As I've been reading over the first major writing assignment, I'm realizing something. Well, after I wrote that sentence, two things.
A. People often write their most horrible sentences because they think it fits a proper form.
B. People have trouble with choosing an appropriate scale of generality/specificity in the introduction.
The two are related. In many high schools, students learn how to write an introduction by using an inverted pyramid: they progress from an observation of general interest towards a particular point, the thesis statement. It is rigid, and only sometimes works outside of the expository essay genre. But it can be used well, if the initial appeal and the progression are both appropriate fits for the audience involved.

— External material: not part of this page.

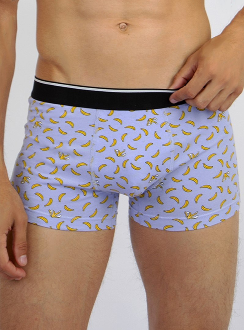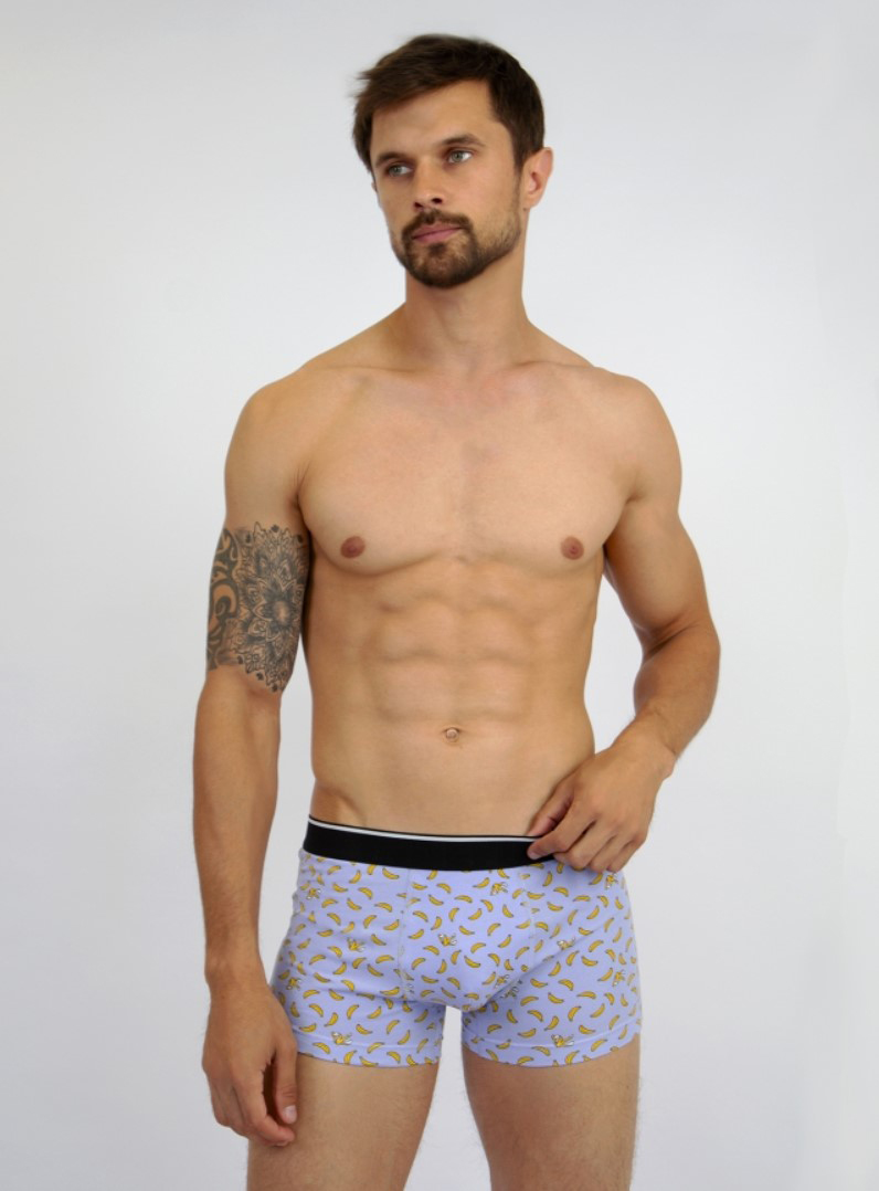 Мужские трусы от торговой марки Индефини. Трусы-боксеры из хлопка, сине-фиолетового цвета, с принтом, на мягкой резинке.

But it is difficult to measure such scale for a student who has only learned one way to introduce their formal writing, and who has furthermore not had enough experience in writing. In those cases, the feeling for fitting generality and audience is off. In an informative paper about how Google functions, the first sentence will describe how the internet functions. In an analytical paper studying the way gender is used in briefs on internet policy and privacy, the first sentence will allude to the simpler time of the 80s. Also, in an effort to supply the right beginning, outright errors will present themselves, like the well-known cop-out, "Since the beginning of time..."
No.
What it took me a long time to learn about the inverted paragraph structure, and what directly helped me with the scale problem, was that even the first sentence is focused. It is intentional. It refers to categories I'll later be using. There's got to be a hook and some logic that's relevant and accessible to my audience. Summarily, it has to have the context of both the reader and the rest of the paper to really be written effectively. With all that in mind, it should be one of the last, if not the last sentence written.
Subsequently, I now know that there are a variety of ways of starting a paper. Sometimes, starting with some topical facts or an anecdote can be more useful. Sometimes, starting with the thesis statement itself is a good move. After a while it's easy to know what to use based on the genre and audience. Sometimes I still write an introduction in a couple of different styles, just to see which way works best.
I've periodically left days open to work on these things in the schedule. Looks like this will be one of the sessions.
Can one impart all of this in an hour's time? No. But I think that the key here is experimentation. Flex the writing. Have a few forms in mind, and try them out to see which best accomplishes an introduction to the paper for the intended audience. This should be the most naturally sounding part of a paper; yet, to be a good one, it often takes the most work. My approach will be some combination of explaining the forms, studying bad examples, and modeling good habits in revision.